Vertebrae are the 33 individual, interlocking bones that form the spinal column.

Cervical vertebrae

These are the seven stacked vertebrae located beneath the skull and in the neck region of the body.

Thoracic vertebrae

Thoracic vertebrae are the twelve vertebral bones in the middle of the spinal column and are attached to, and protected by, the rib cage.

Lumbar vertebrae

These are the vertebrae located within the region of the lower back.
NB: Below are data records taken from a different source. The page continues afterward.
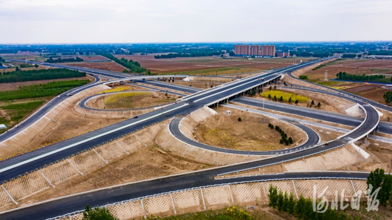 2021年4月21日拍摄的已完成路面摊铺的京德高速公路与荣乌高速公路新线交叉千人目互通立交桥。河北日报记者赵海江 摄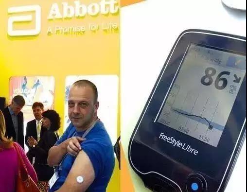 雅培公司的Free Style Libre Flash血糖監測儀是目前體積最小型的穿戴式血糖監測設備,血糖檢測儀由一個兩歐元大小的一次性圓形傳感器組成,通過一個長 5 毫米、寬 0.4 毫米的微型針頭和小膠貼固定于上臂外側,該傳感器具有防水功能,持續時間長達 14 天,讀數時,將配套的手持閱讀器置于傳感器上方,即可在一秒鐘內掃描獲得血糖測試結果,掃描可以隔著衣服進行,閱讀器中的血糖數據可保留 90 天。由于讀數時需要用手持閱讀器掃描傳感器,導至這款監測儀無法實現血糖的連續監測,也無法提供預警和夜間讀數。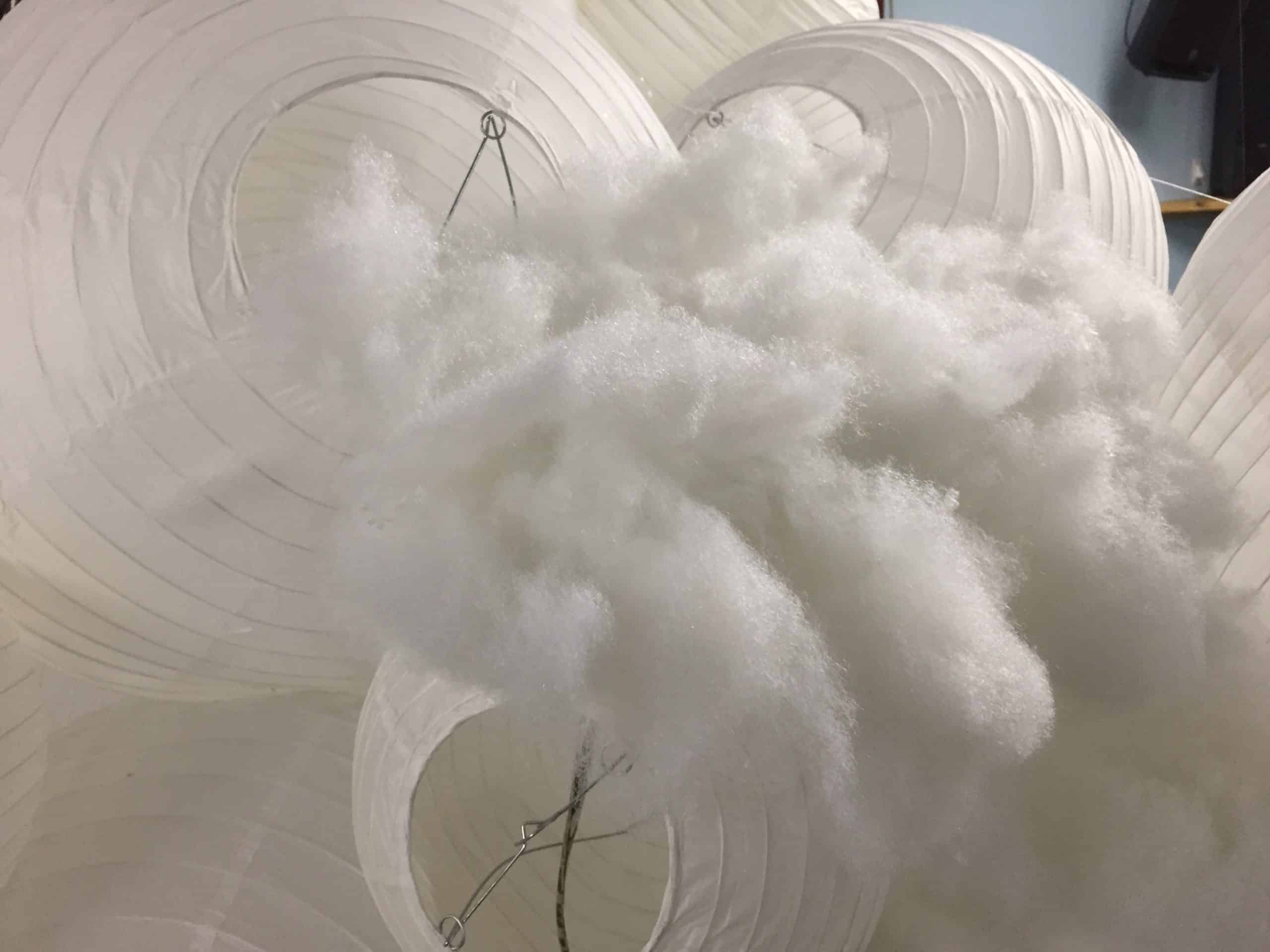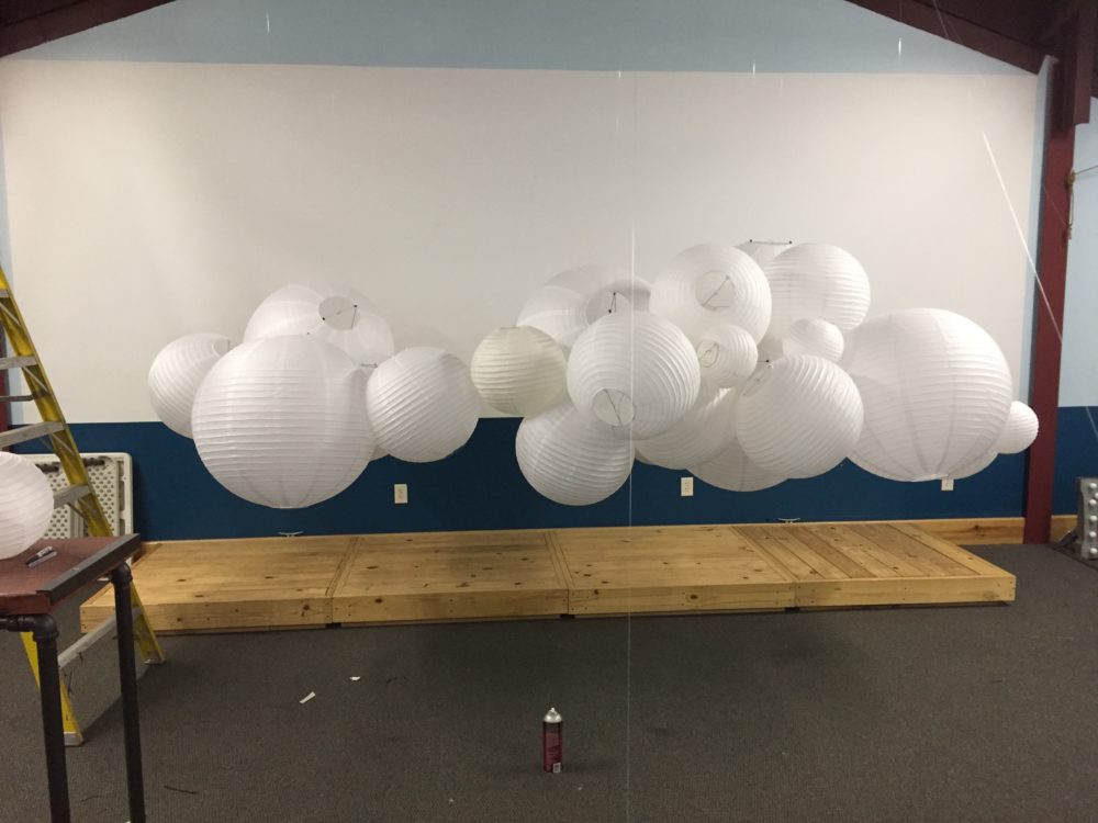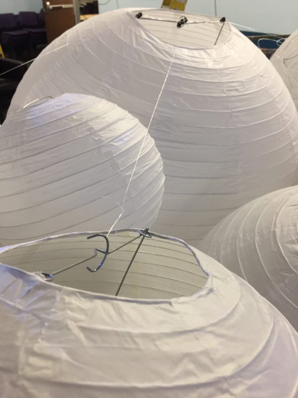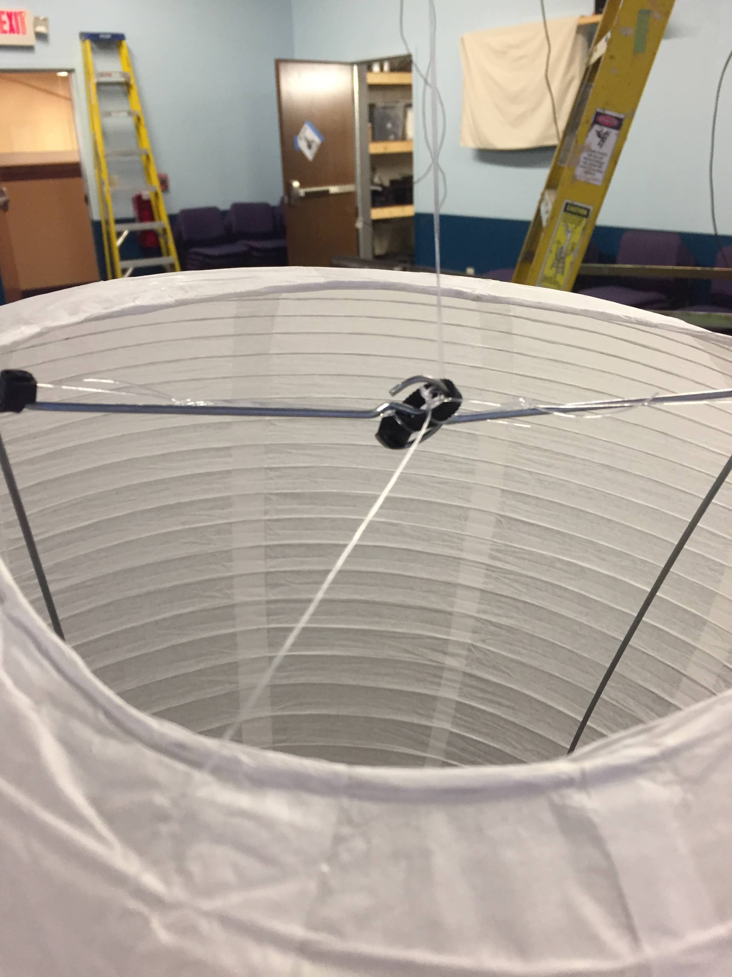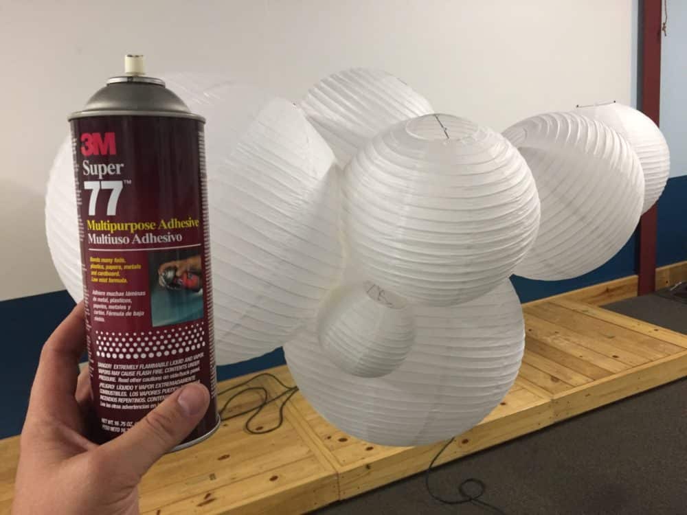 1. We hung the 30″ lanterns as the main anchors, zip tying their structures for increased integrity. Then we hung the 20″ and 12″ lanterns from the 30″ lanterns and spray glued them in place. (Tip: spray both surfaces, then wait about minute for the spray glue to slightly dry. Then press together from the inside. The bond will be stronger if you wait for it to dry just a little.) Make sure it’s asymmetrical to appear more cloud-like.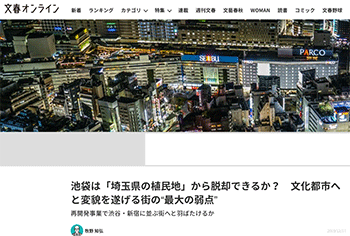 「池袋は「埼玉県の植民地」から脱却できるか? 文化都市へと変貌を遂げる街の“最大の弱点”」という牧野 知弘による記事が、文春オンラインに掲載されています。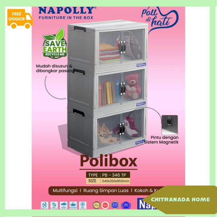 CONTAINER BOX LIPAT RAK SERBAGUNA LEMARI SUSUN PLASTIK NAPOLLY POLIBOX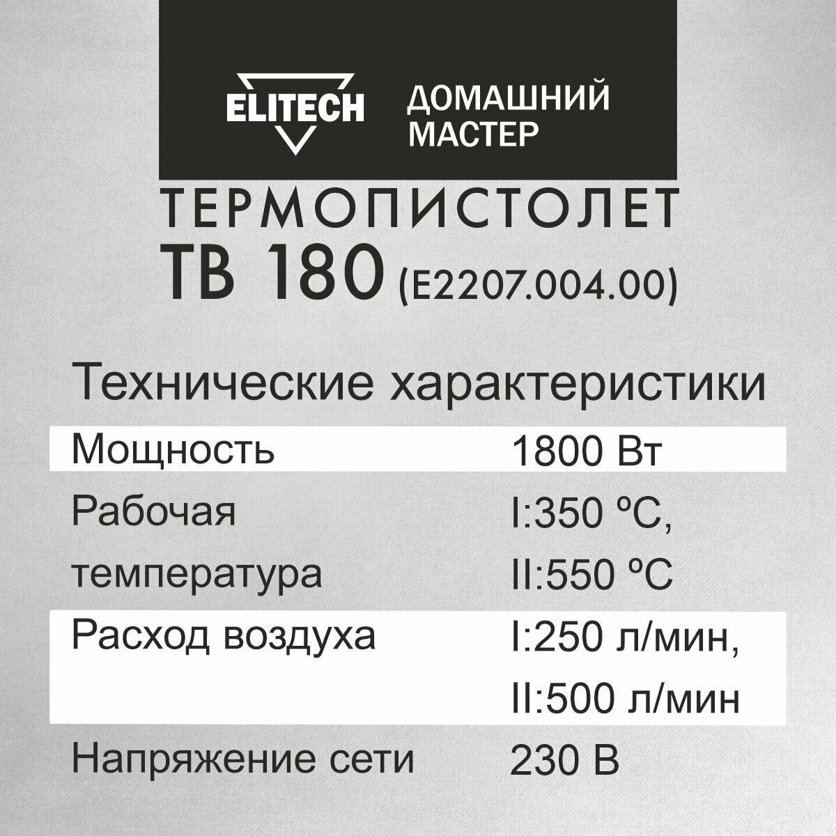 Пистолет горячего воздуха ТВ 180 ELITECH ДМ, E2207.004.00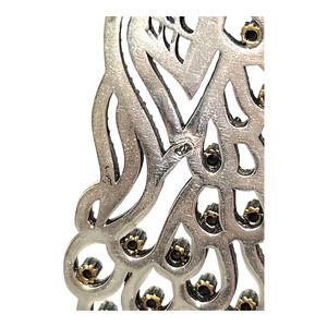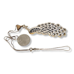 Elle Cross Ruby, Emerald, Zircon, Handcrafted Peacock Pendant, 925 Sterling Silver, Bronze Setting and Bail. 3.75"l, 1.25"w, .25h, 18" Italian Open Box Link Sterling Silver 925 Chain, Jump ring closure.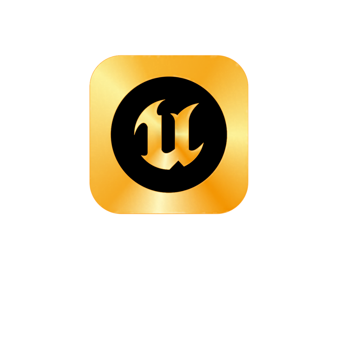 Icon for Unreal Engine, featuring a stylized letter 'U' in black within a gold square background with rounded corners.
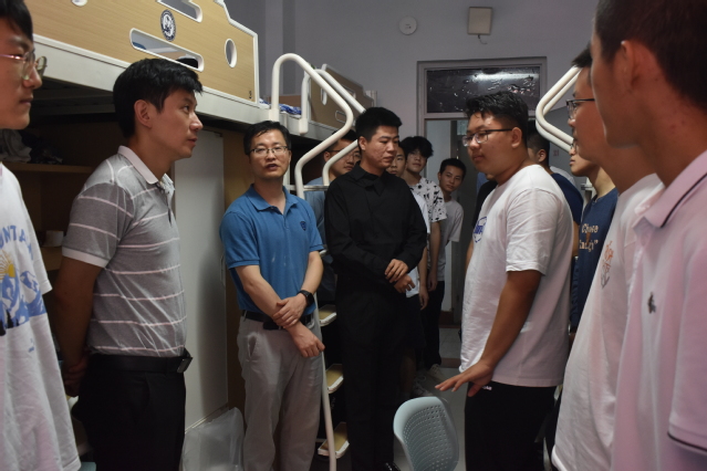 环境系主任张庆冬、班导师韩丰磊、班主任陈强、辅导员魏孟吉看望环境、化安专业男生

The largest of the vertebrae, their function is to support the great weight of the body and allow certain movements such as lifting objects.

Sacral vertebrae

The sacral vertebrae consist of five bones that are fused together to form the sacrum, the shield-shaped bony structure located at the base of the lumbar vertebrae and connected to the pelvis. 

Motor neurons

These are spinal nerve roots located in the front of the spine and contain nerves responsible for controlling the body’s movements.

Sensory neurons

These are spinal nerve roots located in the back of the spine and are responsible for transmitting sensory information (such as feeling/touch) from the body to the brain.

SCI

SCI, or spinal cord injury, is damage to the spinal cord or spinal nerve roots within the spinal canal that may result in permanent loss of movement and/or feeling.

Incomplete injury

An incomplete spinal cord injury is one in which the ability of the spinal cord to convey messages to the brain is not completely lost; in other words, where some sensation and movement is possible below the level of injury.

Complete injury

A complete spinal cord injury is one that is indicated by total lack of sensory and motor function below the level of injury.

Paralysis

A loss in the ability to control muscle movement, and sometimes other bodily functions. It is often described with an attached letter and number corresponding to the spinal region/location of the injury.

Tetraplegia

Also known as quadriplegia, tetraplegia is a form of paralysis caused by a cervical injury and includes some degree of paralysis in both the upper body (shoulders, arms, hands, fingers) and the lower body (chest, legs, feet, toes).